Slate: Texas’ Largest Charter Chain is Teaching Creationism

by

Patrick Michels

Zack Kopplin, the creationism-bustin’ wunderkind who made a name for himself fighting Louisiana’s school voucher scheme in 2010, has a great piece in Slate today detailing how Responsive Education Solutions—Texas’ largest charter school network—is using junk science straight out of the intelligent design playbook.

Kopplin has made national headlines before by exposing junk science and other ideologically driven lessons in state-funded private schools in Louisiana. His story today suggests Texas charter schools may be using their freedom to do the same thing. It’s also an interesting window into charter school operations that can be pretty opaque, despite Texas’ open records laws.

Through an open records request, Kopplin got his hands on a few of Responsive Ed’s “Knowledge Units” workbooks, which, for starters cast doubt on evolution and the scientific consensus that the Earth is between 4 and 5 billion years old. Kopplin asked the Lewisville-based school’s leadership about that:

In response to a question about whether Responsive Ed teaches creationism, its vice president of academic affairs, Rosalinda Gonzalez, told me that the curriculum “teaches evolution, noting, but not exploring, the existence of competing theories.”

Bringing creationism into a classroom by undermining evolution and “noting … competing theories” is still unconstitutional. What’s more, contrary to Gonzalez’s statement, teaching about supernatural creation in the section on the origins of life is doing far more than noting competing theories.

The Texas State Board of Education’s latest round of science textbook adoptions—while full of feisty debate over epigenetics and “gaps in the fossil record”—carried a lot less weight last year because Texas schools are no longer required to buy books the board has approved. That freedom was seen as a blow to creationists whose strategy had been to effect sweeping statewide change from the state board. But Kopplin notes that freedom would also allow other schools to follow Responsive Ed’s lead and teach books laced with junk science.

The history text also makes some novel assertions, blaming “anti-Christian bias,” in part, for the outbreak of World War I, and ornery samurai for Japan’s entry into World War II. The samurai, of course, were dissolved in the late 19th century, despite Tom Cruise’s best efforts. Feminism, the workbooks say, “created an entirely new class of females who lacked male financial support and who had to turn to the state as a surrogate husband.”

There a few more gems in the history curriculum:

About President Franklin Roosevelt, it teaches, “The New Deal had not helped the economy.
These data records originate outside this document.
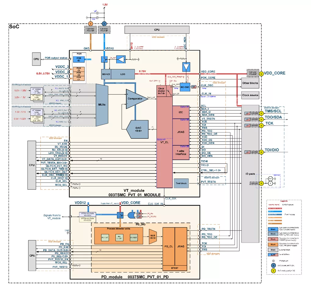 - VT module as a calculation center for voltage and temperature measurements. It is able to maintain up to 16 on die voltage/temperature units to be put on over the die. Grape-like connection is intended for easy routing and sensors placement
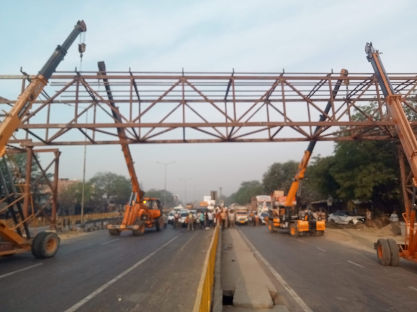 फुट ओवर ब्रिज निर्माण के दौरान हाईवे पर दो घंटे यातायात बाधित
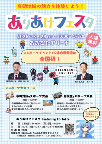 - 3月28日に大牟田市で「ありあけフェスタ」を含む4つのイベントが開催。
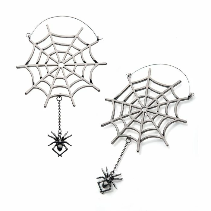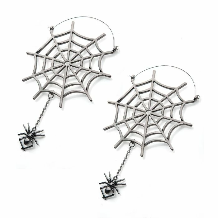 20g Stainless Steel with Silver Plated Spider Web and Dangling Spider Plug Hoops.
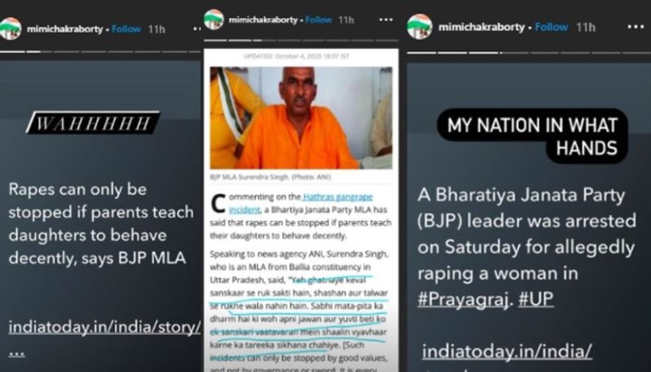 মিমি এই মন্তব্যে বেজায় চটে লিখেছেন, "কাদের হাতে রয়েছে আমার দেশ।" অবাক হয়ে ধীক্কার জানানো ছাড়া তাঁর কাছে আর কোনও উপায় নেই। ২০২০ সালে দাঁড়িয়ে ধর্ষণকাণ্ড নিয়ে মহিলাদের সমর্থনে কথা না বলে তাদের ভদ্রতা এবং শিক্ষানীতি দেওয়ার কথা বলায় স্বাভাবিকভাবেই ক্ষুব্ধ হয়েছে গোটা দেশ। পাশাপাশি ক্ষোভ উগরে দিয়েছেন মিমিও।
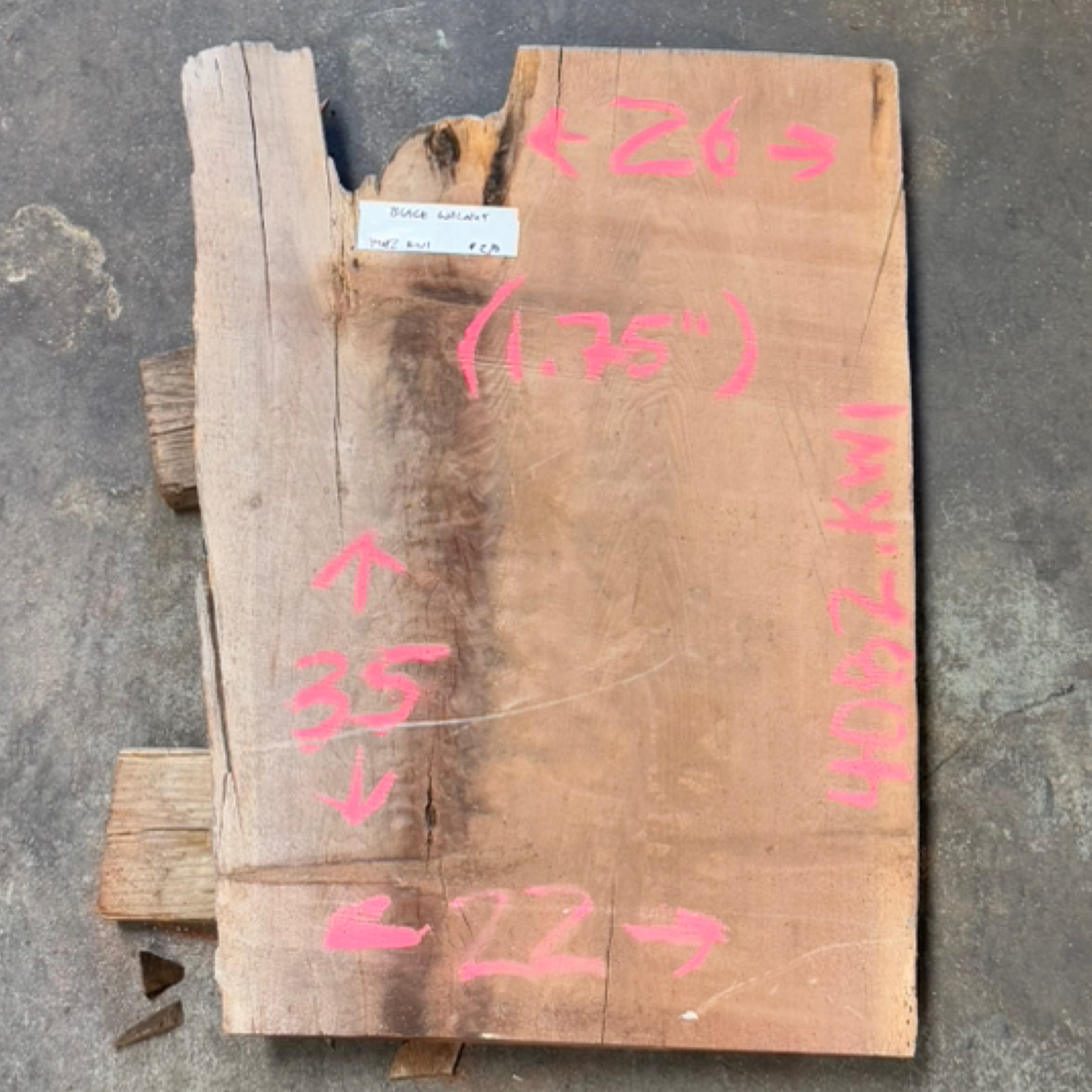Black Walnut slab from Peroba Reclaimed measuring 1.75" thick x 26"-22" wide x 35" long
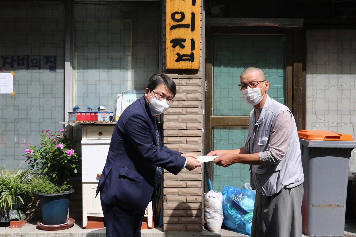 도봉세무서(서장 권순재)는 2020년 9월 24일 강북구 미아동에 위치한 무료급식소 '자비의 집'을 방문하여 직원들이 모은 위문금을 전달하고 종사자들을 격려하였습니다.
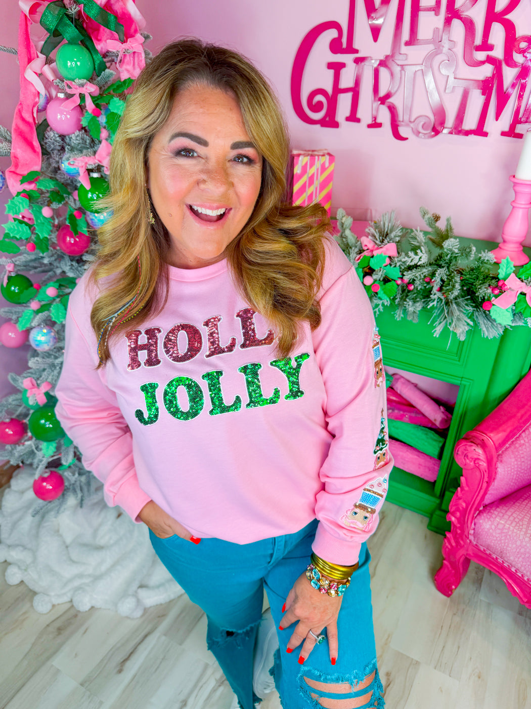 The Holly Jolly Sparkle Sweatshirt features a relaxed fit designed for comfort while maintaining a fun holiday look. Sequin details on the sleeves and front create a festive style that stands out for seasonal events and everyday wear. The soft fabric offers easy movement and warmth throughout the day. This sweatshirt pairs well with jeans or leggings, allowing simple outfit options for casual gatherings, holiday parties, or running errands during the season. It combines comfort and shine in one piece, making it a versatile addition to your holiday wardrobe!
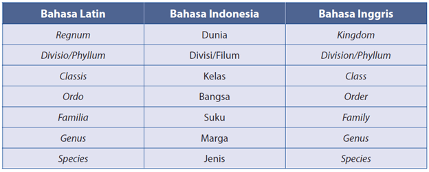 Urutan tersebut didasarkan atas persamaan ciri yang paling umum, kemudian makin ke bawah persamaan ciri semakin khusus dan perbedaan ciri semakin sedikit.
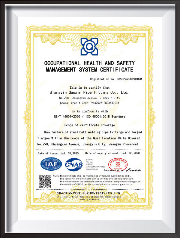 ASME B16.9, GB/T12459, EN10253,JIS B2311,DIN2615,ANSI,GOST vb. uluslararası ve endüstri standartlarına uyun ve özelleştirilmiş üretimi destekleyin.
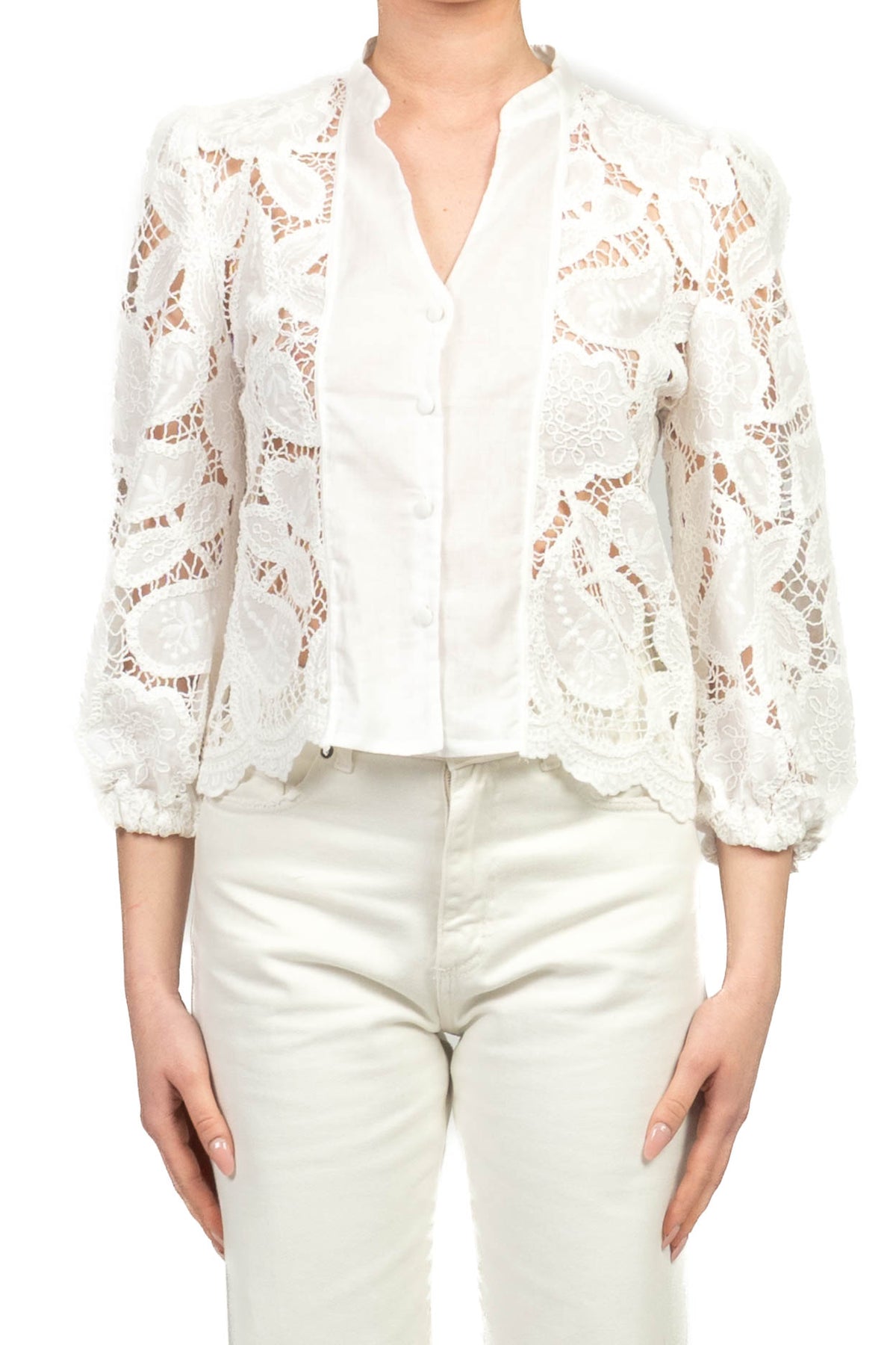 Camicia ricamata, leggermente corta e femminile, con maniche 3/4 a palloncino e collo coreana. Chiusura frontale con bottoni rivestiti per un look elegante e raffinato.
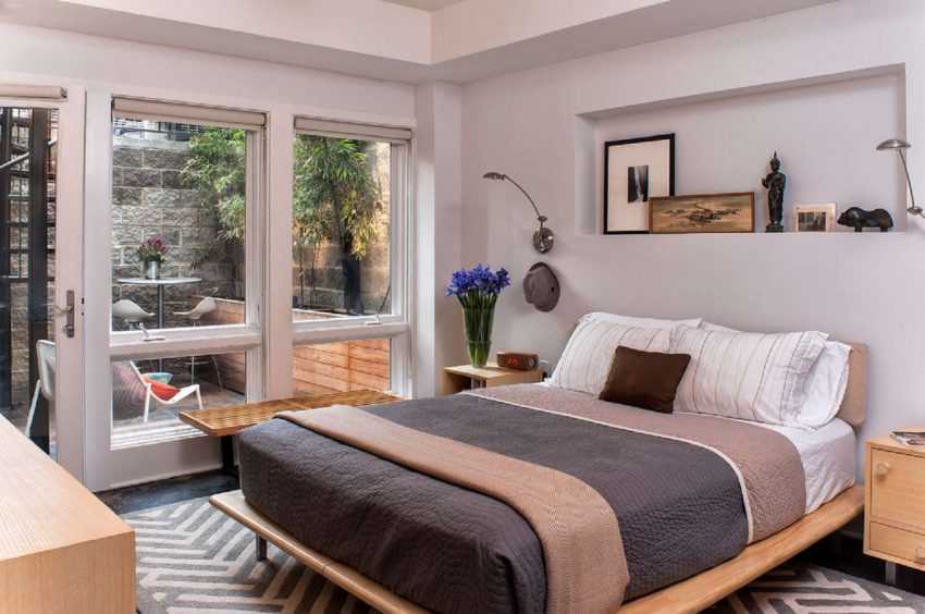 - Монтаж ниши. Если планировка комнаты предусматривает нишу (или вы возвели её самостоятельно), то это будет просто отличным вариантом для тех, кто совмещает, например, спальню и гостиную в одной комнате. Укромный уголок позволит не только индивидуализировать пространство для отдыха, но ещё и визуально сделает комнату более правильной формы. Однако есть у этого варианта и минус – кровать будет окружена стенами с трёх сторон, а значит, проход к ней остаётся только один.
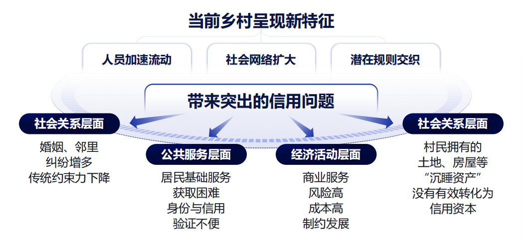 这些变化,带来了信任机制困境:一是社会关系层面,邻里纠纷更加复杂,道德约束力和宗族影响力显著下降,亟需新的、更普遍的信任纽带。二是公共服务层面,村民获取公共服务与城市存在差距,例如信贷服务,依旧困难,源于身份识别和信用风控手段不便,制约了公共服务的深入。三是经济活动层面,乡村商业活动(如农资赊销、小额信贷)依然风险高、成本高,束缚了乡村经济的活力。四是资产转化层面,村民手中宝贵的土地承包权、宅基地使用权、农房等“沉睡资产”,没有有效转化为发展亟需的信用资本。客观的说,信用差异是乡村与城市的重要差异之一,也是另一种鸿沟。

However, it ushered in a new era of dependency on the Federal government.”

Perhaps the workbook’s best line comes when it explains that President Jimmy Carter pardoned Vietnam War draft dodgers out of “a misguided sense of compassion.”

Sleuthing around Responsive Ed’s leadership, Kopplin highlights strong connections between the school and conservative Christian home-schooling outfits and publishers like Accelerated Christian Education and Paradigm Accelerated Curriculum.

Responsive Ed operates 70 campuses, according to its website, with 20 more on the way in Texas this year. Its schools include the “Premier High Schools,” “Vista Academies,” “Classical Academies,” “iSchool High” and “Quest Middle School” brands. Responsive Ed operates the Texas Virtual Academy, which, as Forrest Wilder noted in 2008, has been a haven for home-schooling parents hoping to avoid lessons on evolution. Responsive Ed is also part of a Gates Foundation-backed partnership between charter operators and Austin ISD.

In the story, Kopplin wonders whether the Legislature is likely to investigate these lessons, as  Senate Education chair (and lieutenant governor hopeful) Dan Patrick has proposed doing for another charter chain, Harmony Public Schools. (Harmony has been a longtime tea party target, over concern that it’s tied to Turkish and Muslim leaders). Kopplin doubts Patrick will be quite as upset about Responsive Ed, given that he’s previously supported the chain, and already said he supports teaching creationism in public schools.

Dan Quinn at the Texas Freedom Network turns up in the Slate piece noting Texas’ history of lax regulation of charter schools. Last year the Legislature gave the Texas Education Agency more power to close underperforming charters, and since then TEA has already moved to close six of them. But regulating the content of charters’ curriculum—even when it violates the U.S. Constitution—would mean going much further.

In response to the story, TFN director Kathy Miller said Texas Education Commissioner Michael Williams should investigate Responsive Ed. “If these allegations are true,” she said in a statement Wednesday, “they represent a shocking betrayal of the trust that parents and taxpayers put into our charter schools.”